→ **Records supplied**:
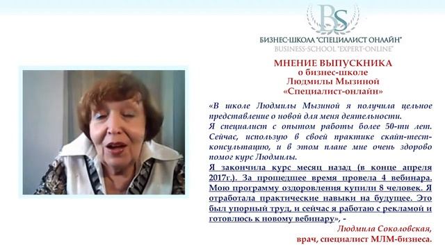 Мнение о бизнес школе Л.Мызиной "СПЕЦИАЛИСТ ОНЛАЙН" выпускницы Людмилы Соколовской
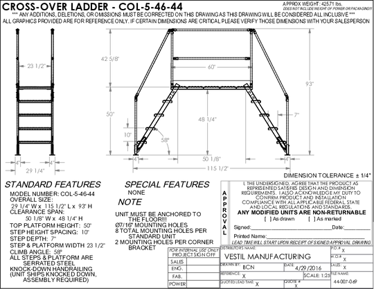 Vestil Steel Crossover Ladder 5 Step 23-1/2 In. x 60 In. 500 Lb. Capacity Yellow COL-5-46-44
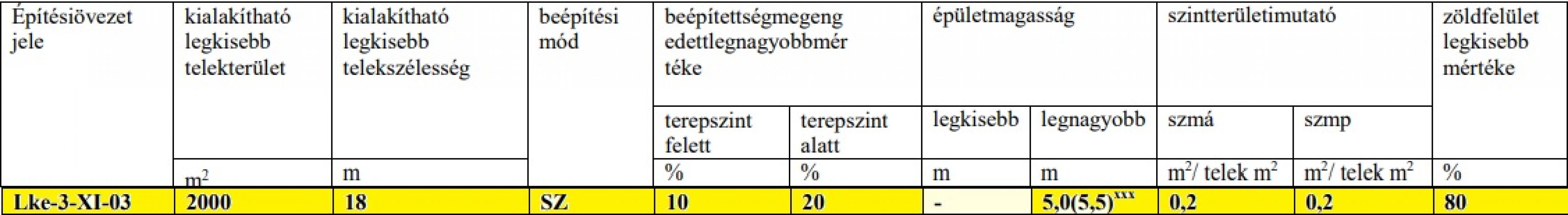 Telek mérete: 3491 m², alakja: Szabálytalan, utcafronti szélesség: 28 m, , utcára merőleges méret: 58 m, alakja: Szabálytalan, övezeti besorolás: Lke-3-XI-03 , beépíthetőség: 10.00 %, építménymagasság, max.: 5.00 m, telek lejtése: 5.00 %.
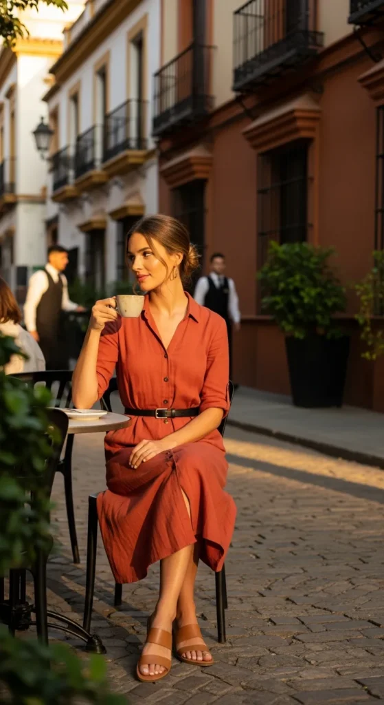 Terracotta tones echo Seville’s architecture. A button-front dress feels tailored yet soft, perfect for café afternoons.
--
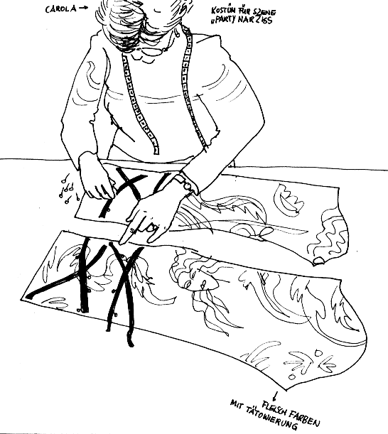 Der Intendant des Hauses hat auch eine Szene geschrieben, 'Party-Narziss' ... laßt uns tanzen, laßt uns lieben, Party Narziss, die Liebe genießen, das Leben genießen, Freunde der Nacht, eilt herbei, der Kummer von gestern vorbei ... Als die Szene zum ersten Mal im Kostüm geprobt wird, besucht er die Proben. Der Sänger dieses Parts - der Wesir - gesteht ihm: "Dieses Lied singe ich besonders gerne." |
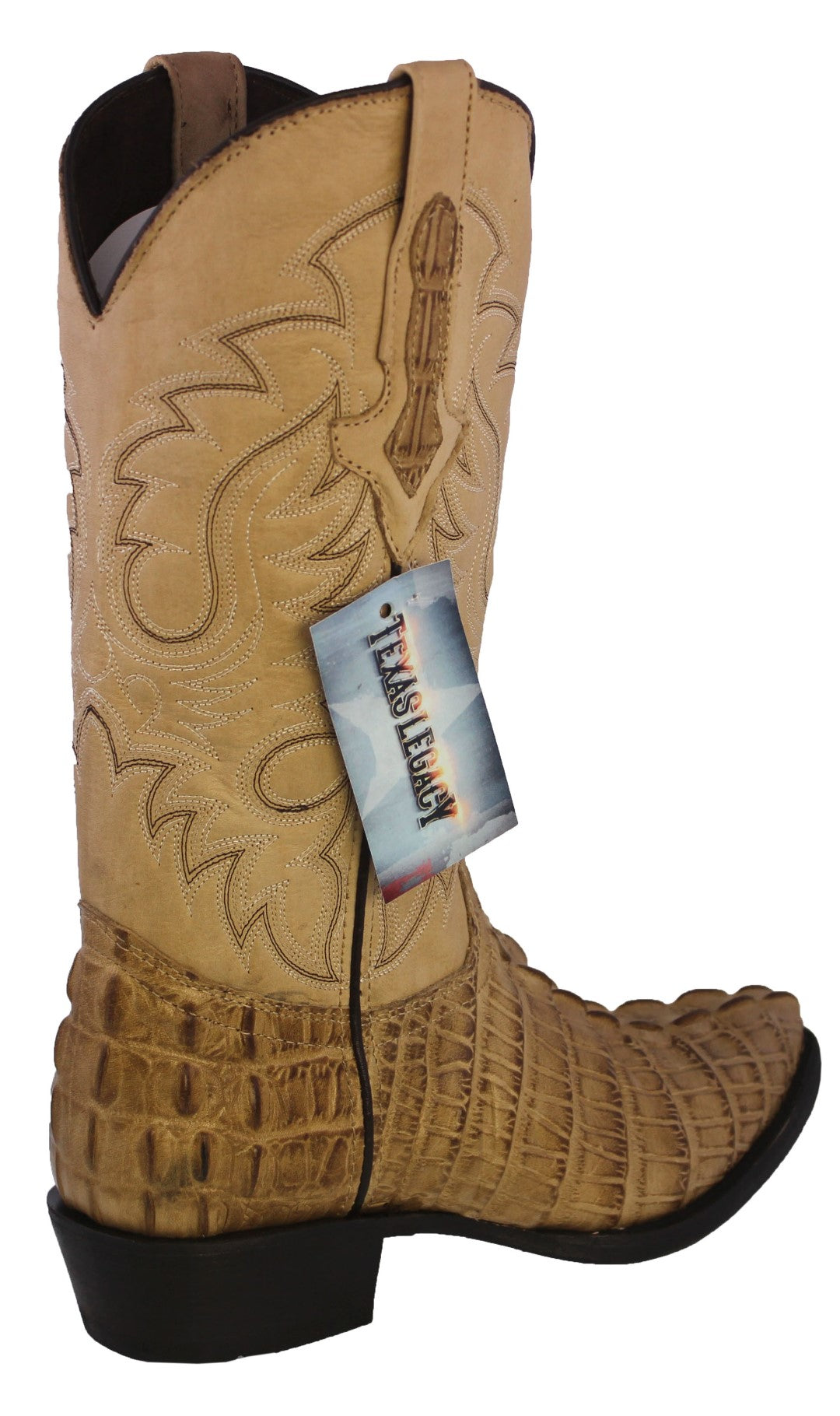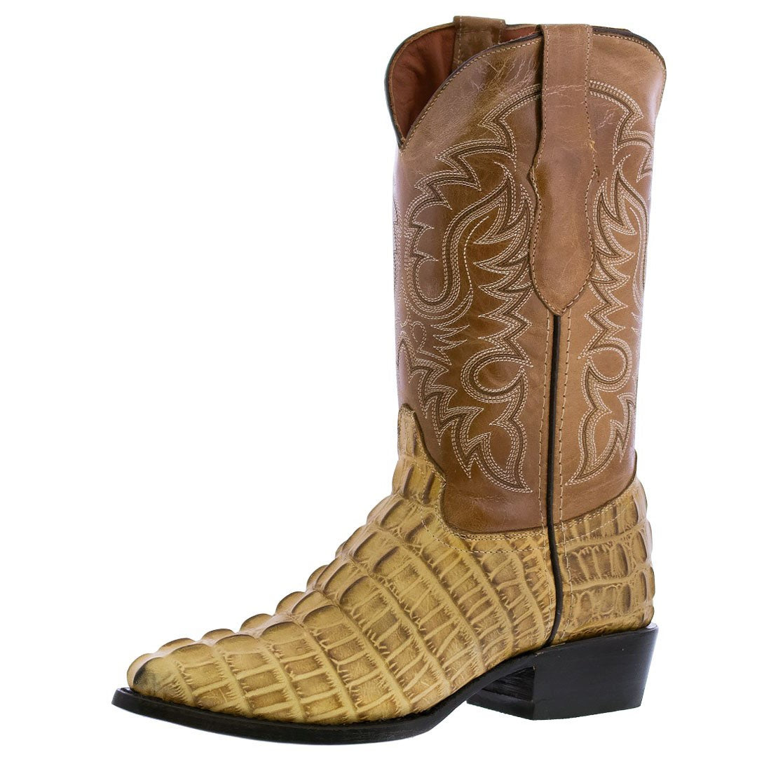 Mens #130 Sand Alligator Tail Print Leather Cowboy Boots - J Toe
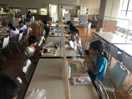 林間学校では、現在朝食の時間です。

→ **Problem to solve**:
Among the lines above, the one with "Der Intendant des" opens the part to repeat and the one with "林間学校では、現在朝食の時間です。" closes it; repeat only that part exactly, with no pictures.

→ **The answer**:
 Der Intendant des Hauses hat auch eine Szene geschrieben, 'Party-Narziss' ... laßt uns tanzen, laßt uns lieben, Party Narziss, die Liebe genießen, das Leben genießen, Freunde der Nacht, eilt herbei, der Kummer von gestern vorbei ... Als die Szene zum ersten Mal im Kostüm geprobt wird, besucht er die Proben. Der Sänger dieses Parts - der Wesir - gesteht ihm: "Dieses Lied singe ich besonders gerne." |
 Mens #130 Sand Alligator Tail Print Leather Cowboy Boots - J Toe
 林間学校では、現在朝食の時間です。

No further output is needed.